Privacy Policy.

Who we are

Thesmios Ltd is the controller for this website and for Thesmios services where it decides why and how personal data is processed. Company number and registered office will be published once Companies House records are confirmed.

Contact for privacy queries

Contact privacy@thesmios.com for privacy questions, rights requests, or data protection concerns.

What data we collect

We may collect contact details, account details, scan inputs and results, credentials or profile data you provide, payment and billing status, device and technical logs, and communications with us.

Lawful bases

Consent applies to optional analytics and voluntary profile actions. Contract applies where data is needed to provide paid services. Legitimate interests may apply to business communications, fraud prevention, security logging, and product improvement where those interests are not overridden by individual rights.

Recipients and subprocessors

We use subprocessors for hosting, email, analytics, and AI processing where required.
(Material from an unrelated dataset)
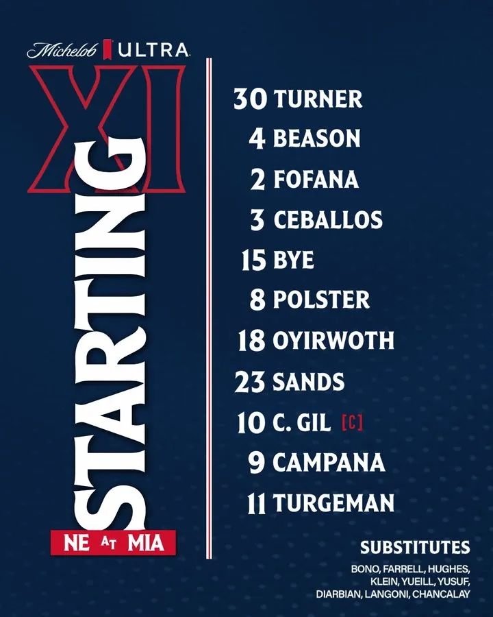 虎撲10月05日訊 美職聯(lián)第33輪,邁阿密國際主場迎戰(zhàn)新英格蘭革命,賽前,雙方公布了本場比賽首發(fā)名單。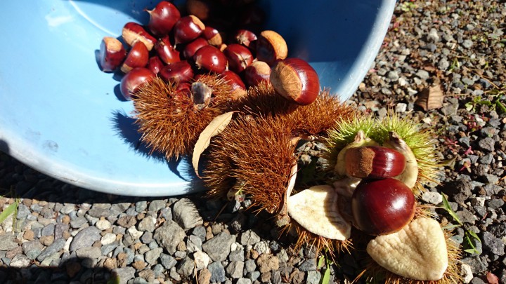 知り合いの庭で大きな栗を大量に収穫してきました。とても大きな栗でバケツに2杯、童心に返って一心不乱に収穫に励みました。虫食いも無く、早速煮込んで頂きました。皮としぶを取って生で食べてもコリコリして美味しいです。この時期、栗拾いは楽しいです。

The current list is maintained on the subprocessors page.

See Subprocessors.

International transfers

Some subprocessors are based outside the UK. Where personal data is transferred internationally, Thesmios relies on adequacy regulations, the UK International Data Transfer Agreement, the UK Addendum to EU standard contractual clauses, or another lawful transfer mechanism.

Your rights

You have rights of access, rectification, erasure, restriction, portability, objection, and withdrawal of consent where consent is the lawful basis. You can also complain to the Information Commissioner.

ICO contact details

The Information Commissioner's Office can be contacted at ico.org.uk or Wycliffe House, Water Lane, Wilmslow, Cheshire, SK9 5AF.

Changes to this policy

This policy was last updated on 26 April 2026. Material changes will be published on this page.